### Given material
┄┄┄┄┄┄

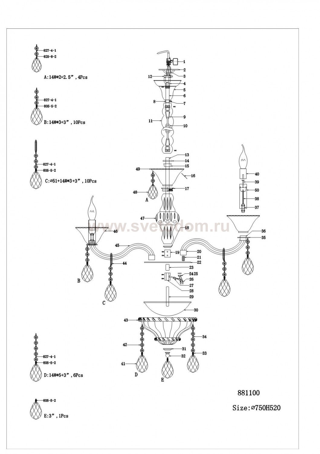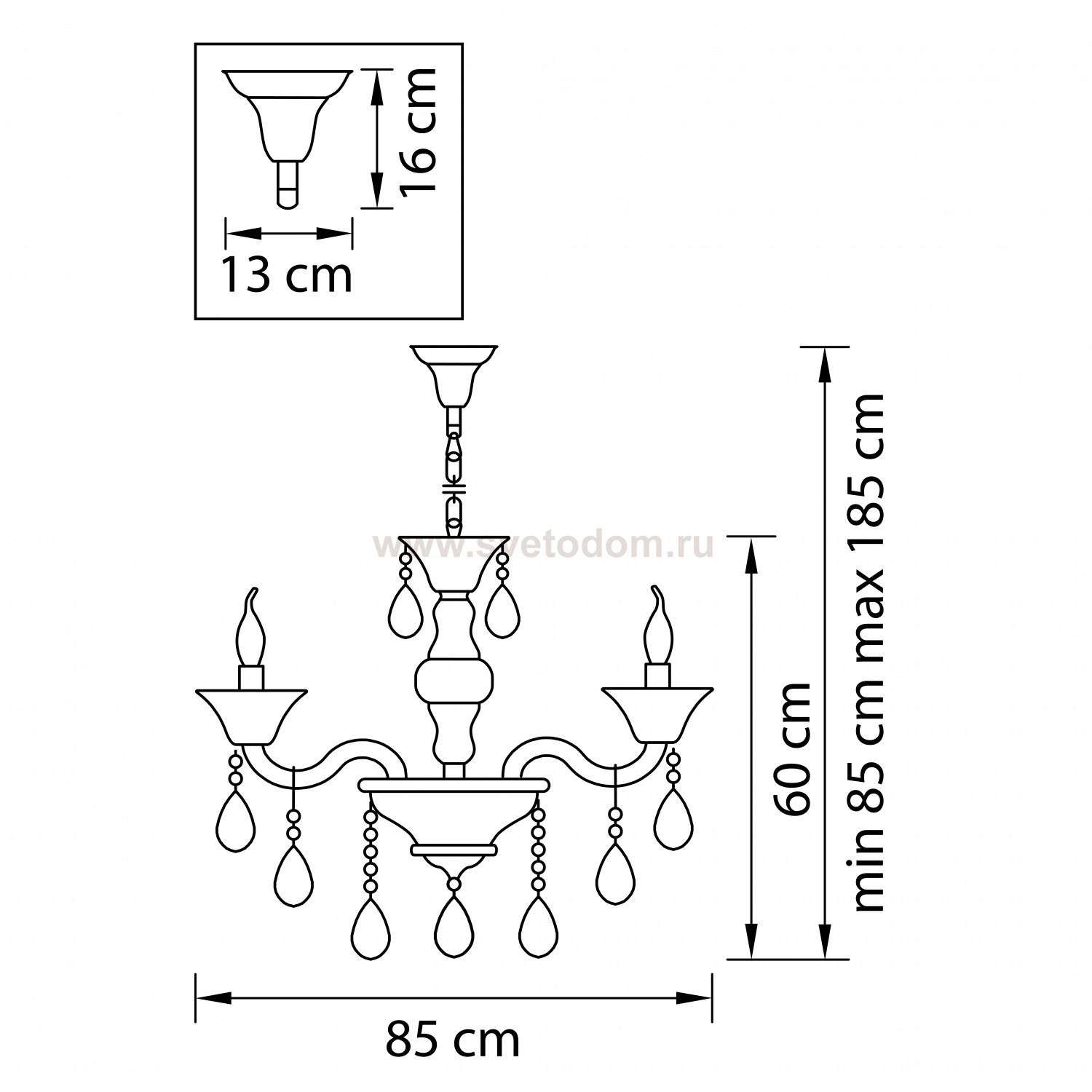 <Высота min-max (см): 85-185; Ширина (см): 85; Вес (кг): 12; Кол-во ламп: 10xE14; Мощность max (W): 60; Цвет основания/цвет стекла или абажура:Chrome/ Black
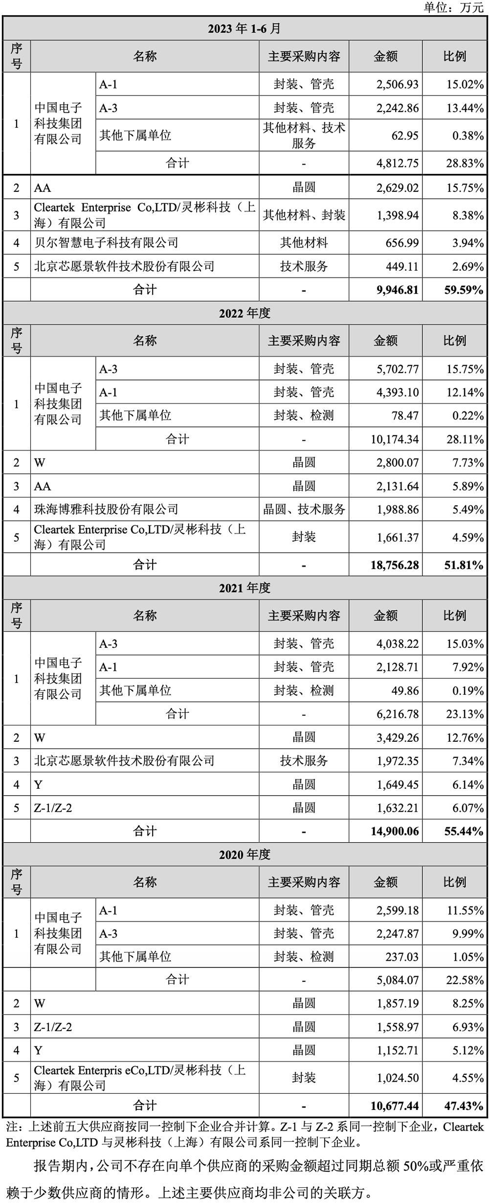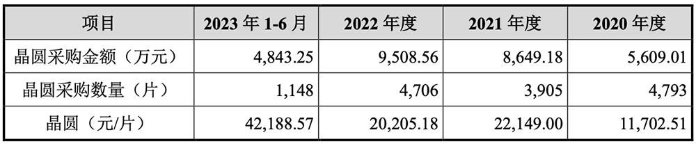 其晶圆采购金额在报告期内分别为5609.01万元、8649.18万元、9508.56万元、4843.25万元,采购单价分别为11702.51元/片、22149.00元/片、20205.18元/片、42188.57元/片,整体呈现上升趋势。
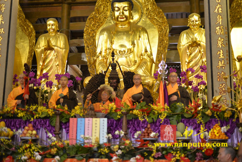 2015年11月28日,南普陀寺水陆胜会第三日,法会众功德主虔发菩提之心,敬设上堂大斋供佛斋僧。南普陀寺首座了法法师在众功德主迎请下,移步大坛为法会拈香主法,升座说法,广度有情。
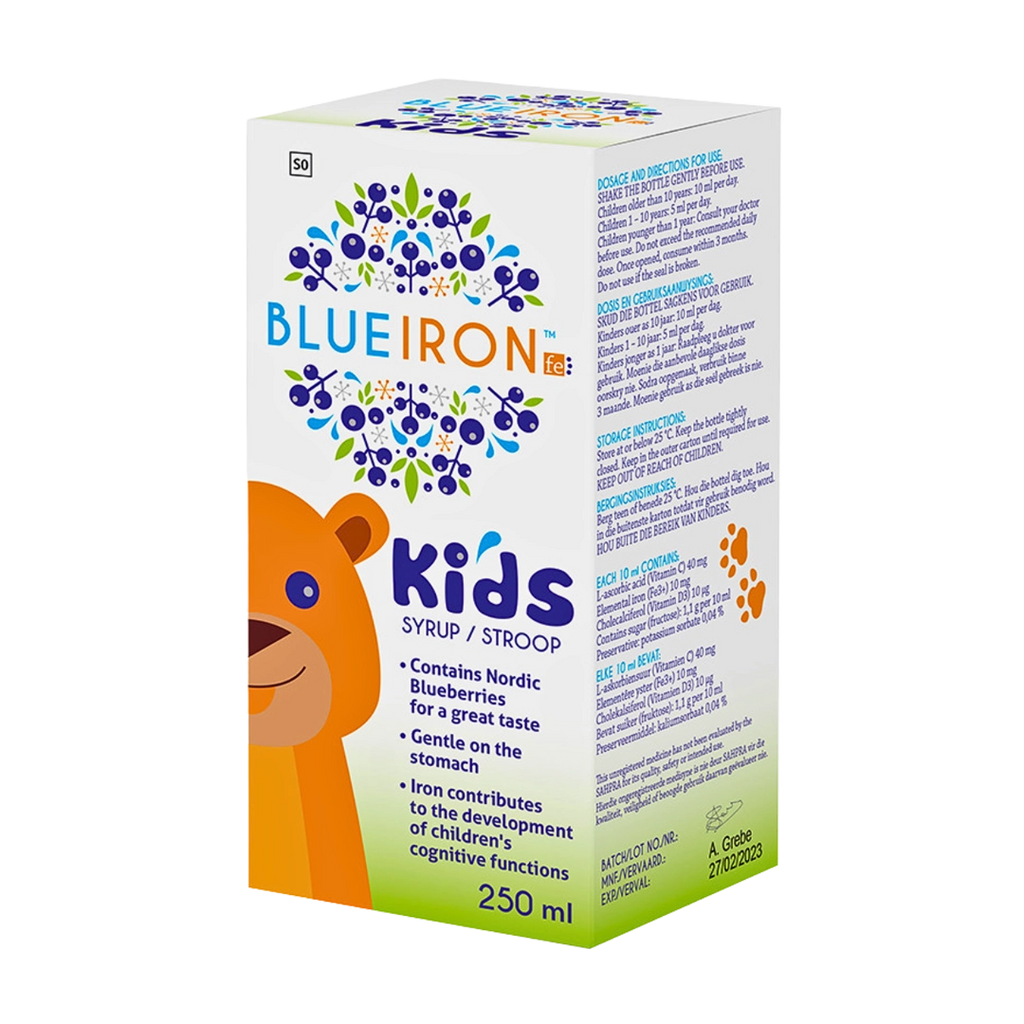 BlueIron Kids is a liquid iron supplement specially formulated for children, enriched with vitamins C and D. Made with pure mineral water and delicious handpicked Nordic blueberries, it supports normal cognitive development and the immune system. This supplement aids in normal cell division and energy-yielding metabolism. It's easily absorbed, gentle on little stomachs and perfect for kids who struggle with swallowing pills. We Love that BlueIron makes your children's daily nutrition enjoyable and effortless with a vegan-friendly supplement free from GMOs, gluten, artificial colours and flavours.

┄┄┄┄┄┄

### Problem
In the copy, include no pictures, but repeat the listing exactly.

### Response
 <Высота min-max (см): 85-185; Ширина (см): 85; Вес (кг): 12; Кол-во ламп: 10xE14; Мощность max (W): 60; Цвет основания/цвет стекла или абажура:Chrome/ Black
 其晶圆采购金额在报告期内分别为5609.01万元、8649.18万元、9508.56万元、4843.25万元,采购单价分别为11702.51元/片、22149.00元/片、20205.18元/片、42188.57元/片,整体呈现上升趋势。
 2015年11月28日,南普陀寺水陆胜会第三日,法会众功德主虔发菩提之心,敬设上堂大斋供佛斋僧。南普陀寺首座了法法师在众功德主迎请下,移步大坛为法会拈香主法,升座说法,广度有情。
 BlueIron Kids is a liquid iron supplement specially formulated for children, enriched with vitamins C and D. Made with pure mineral water and delicious handpicked Nordic blueberries, it supports normal cognitive development and the immune system. This supplement aids in normal cell division and energy-yielding metabolism. It's easily absorbed, gentle on little stomachs and perfect for kids who struggle with swallowing pills. We Love that BlueIron makes your children's daily nutrition enjoyable and effortless with a vegan-friendly supplement free from GMOs, gluten, artificial colours and flavours.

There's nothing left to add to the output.